2.	**Cluster Mode:** In cluster mode, the Driver Program is launched inside the cluster by the cluster manager, alongside the executors. \
    a. This is the recommended approach for production workloads, as it allows the application to continue running independently of the client process that submitted it. \
	b. Since the driver and executors run within the same cluster, data locality is better and there’s reduced overhead from network communication between driver and executors. \
	c. Even if the client disconnects or is terminated, the Spark application continues to run.

### UDF

UDF (User Defined Function): custom function written in Python that you can apply to Spark DataFrame columns when built-in Spark functions (pyspark.sql.functions) are not sufficient.

✅ Why Use UDFs?  \
	•	To apply custom Python logic to each row or column.  \
	•	When there’s no equivalent Spark function available (e.g., complex text processing, custom regex, external library logic).

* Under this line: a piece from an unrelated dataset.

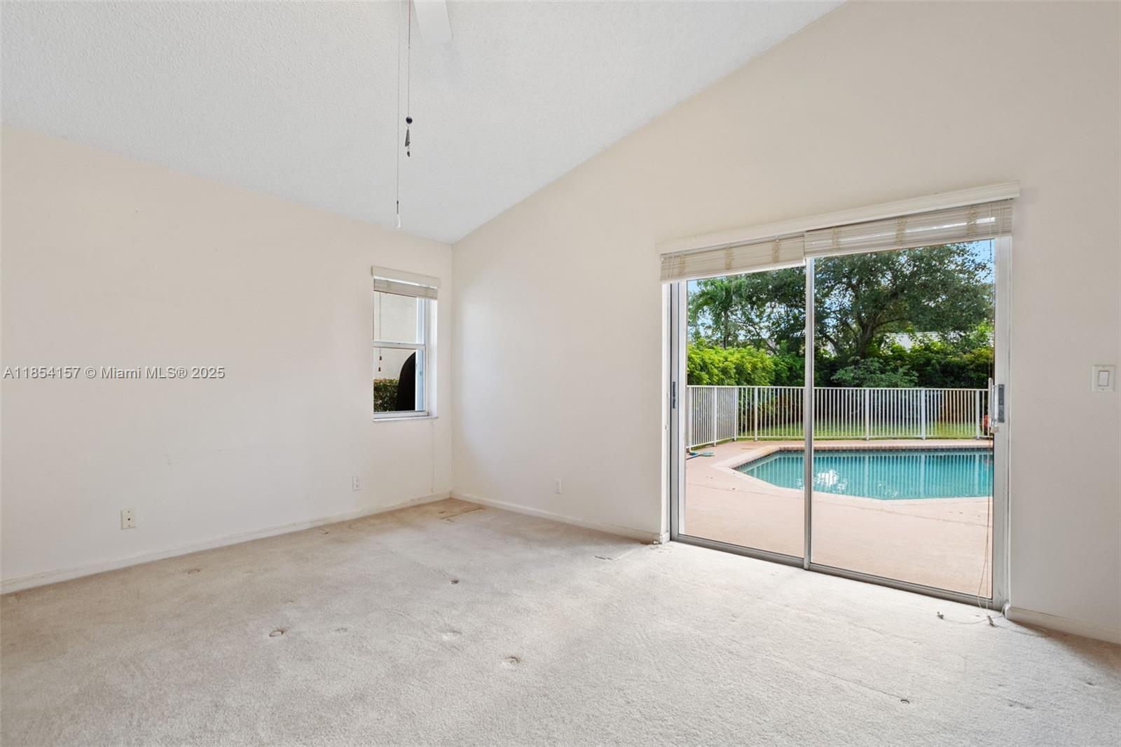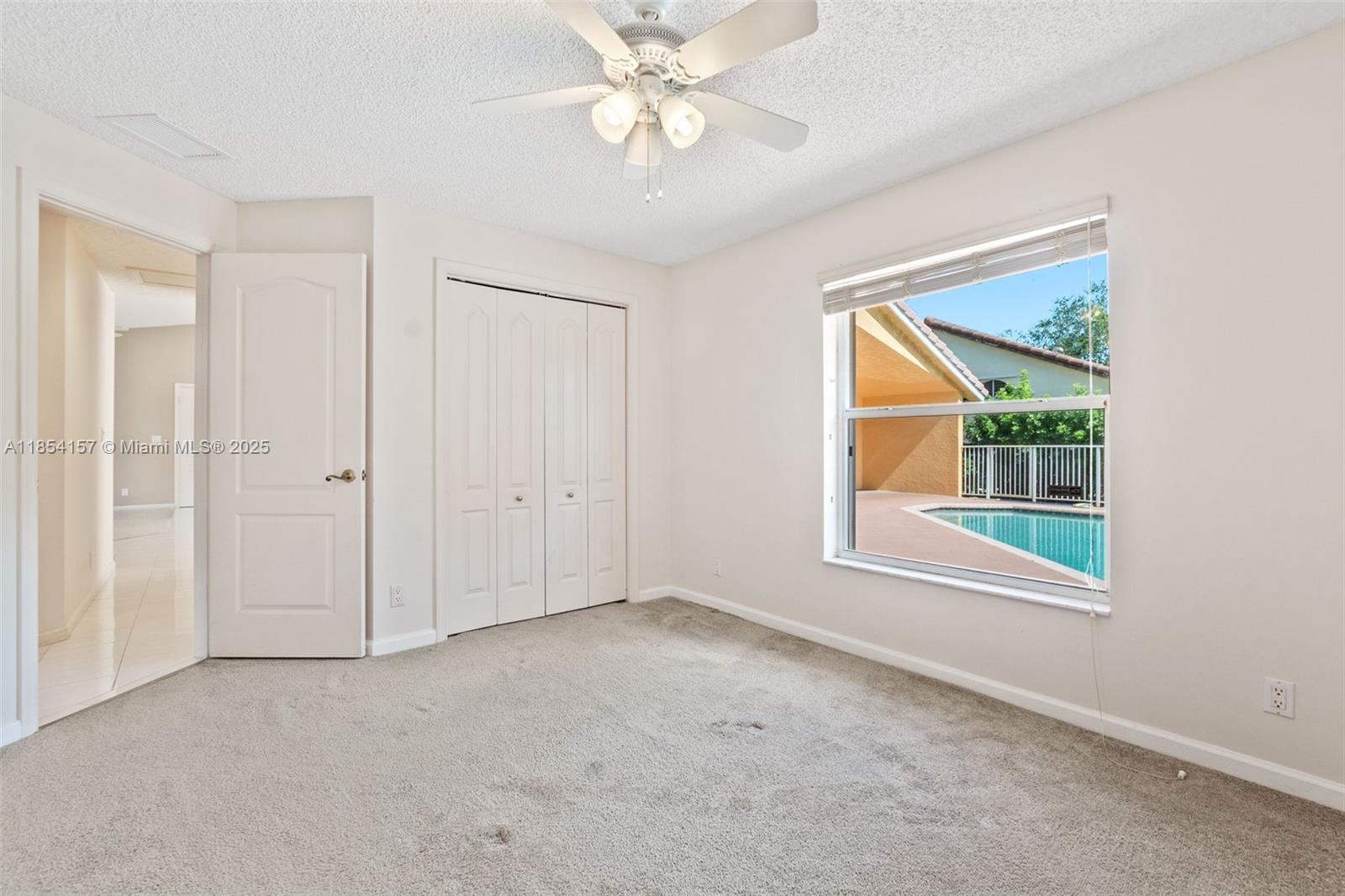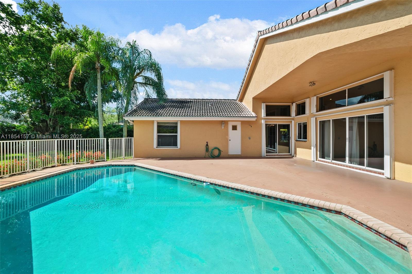Nestled in the heart of Coral Springs, this spacious 4-bedroom, 2.5-bath pool home sits on a quiet cul-de-sac and offers a desirable split floor plan w/high ceilings & low HOA! Additional features include....updated kitchen w/plenty of counter space & breakfast area; large laundry; walk-in primary closet; cabana bath for pool access; and Accordion shutters throughout for peace of mind! Roof replaced in 2007, A/C in 2017, W/H in 2022. Private backyard oasis with pool and outdoor shower. You’ll enjoy walking distance to the popular Betti Stradling Park—offering tennis, basketball, skate park, splash pad, playground, and more. Close to top-rated schools, shopping, dining, and major highways, this home combines comfort, style, and convenience in one perfect package.

⚠️ UDF Performance Caveats \
	•	Slower than native functions — UDFs break Spark’s optimization (Catalyst engine). \
	•	Serialization overhead — data is sent between JVM (Spark) and Python (via Py4J).  \
	•	Harder to optimize — no column pruning or predicate pushdown.

🏎️ Better Alternatives to UDFs (when possible): \
Use native Spark functions from pyspark.sql.functions like: \
	•	when, col, regexp_extract, split, concat_ws \
	•	expr(), withColumn(), etc. 

✅ These are faster and Spark-optimized.

🚀 Pandas UDF (Vectorized UDF) \
If you must use custom Python logic, prefer Pandas UDFs (aka vectorized UDFs), which are faster and optimized for batch processing.

In [102]:
from pyspark.sql.functions import udf

# Way-1
@udf(returnType=StringType())
def camelCase(word: str):
    return word[0].upper() +word[1:]

# Way-2
def camelCase_v1(word: str):
    return word[0].upper() +word[1:]

camelCase_v1 = udf(camelCase_v1, StringType())

# Way-3
def camelCase_v2_fn(word: str):
    return word[0].upper() +word[1:]

camelCase_v2 = udf(lambda a: camelCase_v2_fn(a), StringType())

# Way-4
spark.udf.register("camelCase_v3", camelCase_v2_fn, StringType())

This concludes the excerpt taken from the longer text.